What to do: Write out again, exactly as they appear, the lines from the start of the data below through the line with "中華民国の賴清徳総統は3月1"; no pictures.

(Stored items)
"""

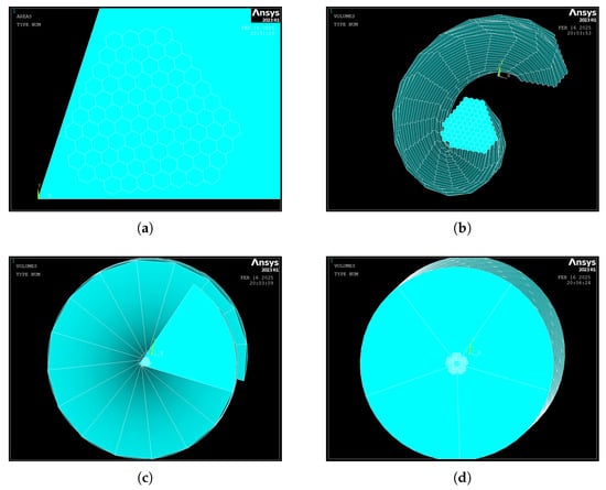 A consistent 2D cross-section, containing five distinct segmented bundles as shown in Figure 1, is imported into ANSYS Mechanical APDL as an IGES file. Each segment uses hexagonally packed sub-strands. The cross-section area for each segment is identical across all lay-length models; only the helix pitch changes how the segment is swept along z.
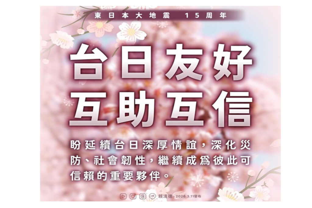 中華民国の賴清徳総統は3月11日、東日本大震災から15年を迎え、台湾と日本はいずれも地震帯に位置し、深い歴史的なつながりと固い民間の友情を有していると述べた。そのうえで、「今後、こうした基盤の上に立ち、防災・人道支援・社会の強靭性など、実質的な協力をさらに深めていきたい」との考えを示した。
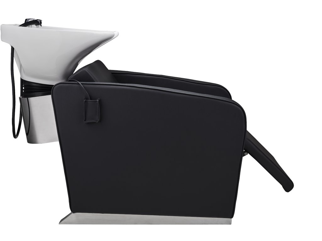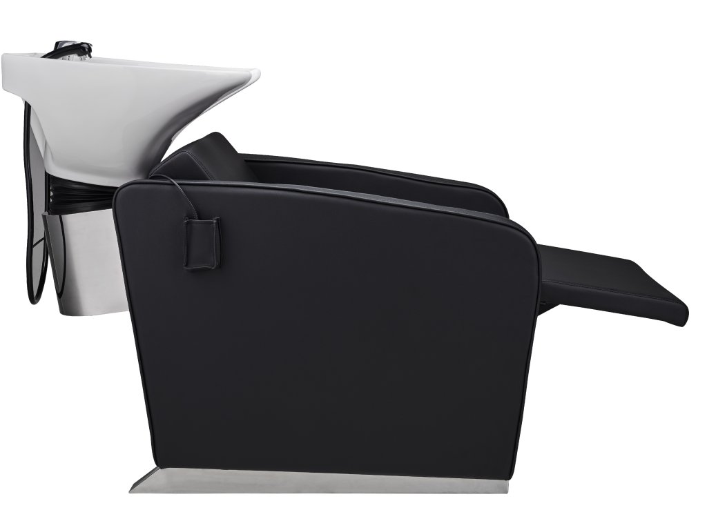 Az elektromosan vezérelt lábtartó lehetővé teszi a lábak fokozatmentes beállítását, ezáltal jelentősen növeli a vendég komfortérzetét a hajmosás során. A fejmosó része egy fehér színű kerámia mosdótál védő szilikon peremmel, amely biztonságos és higiénikus használatot biztosít.
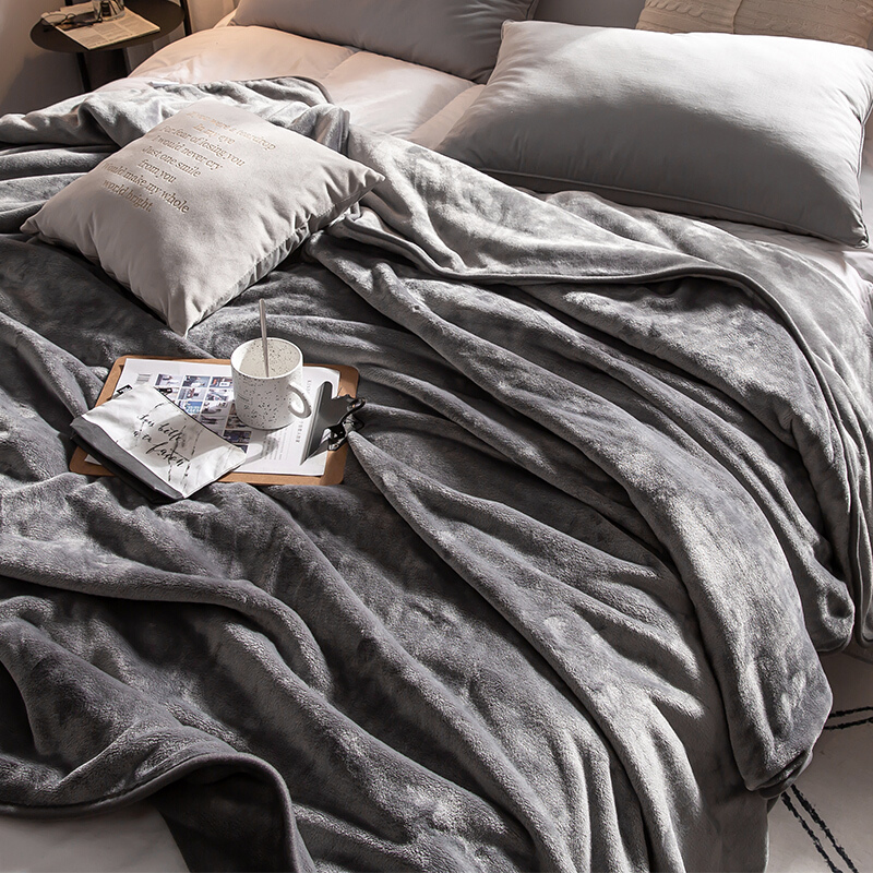 - 商品名称:九洲鹿 毛毯加厚法兰绒毯子 珊瑚绒午睡空调毯毛巾被盖毯 灰色 150*200cm
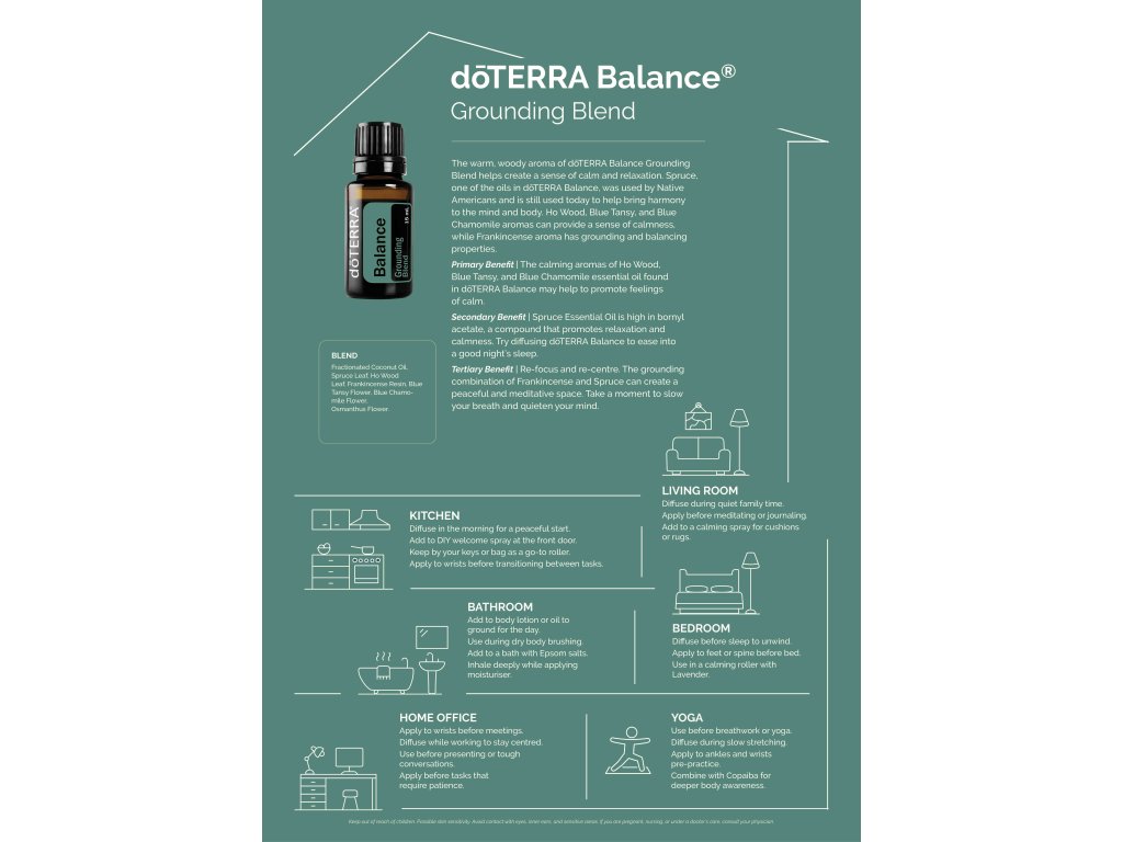 - A dōTERRA Balance keveréket olyan, az érzelmekre kedvező hatást gyakorló esszenciális olajok alkotják, amelyek együttes erővel járulnak hozzá a megnyugváshoz és a jó közérzethez.
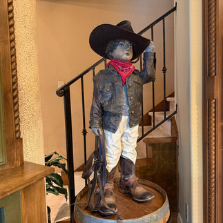 This piece depicts a 4-year-old not quite ready to be a rodeo contestant. The Little Britches Rodeo was founded in 1952 and gives children ages 5 to 18 the opportunity to compete in various rodeo events. This sculpture is life sized plaster cast finished in iron and mounted on a revolving base. Little Britches was exhibited in Santa Fe at Art Santa Fe July 22-14, 2024. Little Britches is available to purchase with base.

"""

Response to the exercise:
 A consistent 2D cross-section, containing five distinct segmented bundles as shown in Figure 1, is imported into ANSYS Mechanical APDL as an IGES file. Each segment uses hexagonally packed sub-strands. The cross-section area for each segment is identical across all lay-length models; only the helix pitch changes how the segment is swept along z.
 中華民国の賴清徳総統は3月11日、東日本大震災から15年を迎え、台湾と日本はいずれも地震帯に位置し、深い歴史的なつながりと固い民間の友情を有していると述べた。そのうえで、「今後、こうした基盤の上に立ち、防災・人道支援・社会の強靭性など、実質的な協力をさらに深めていきたい」との考えを示した。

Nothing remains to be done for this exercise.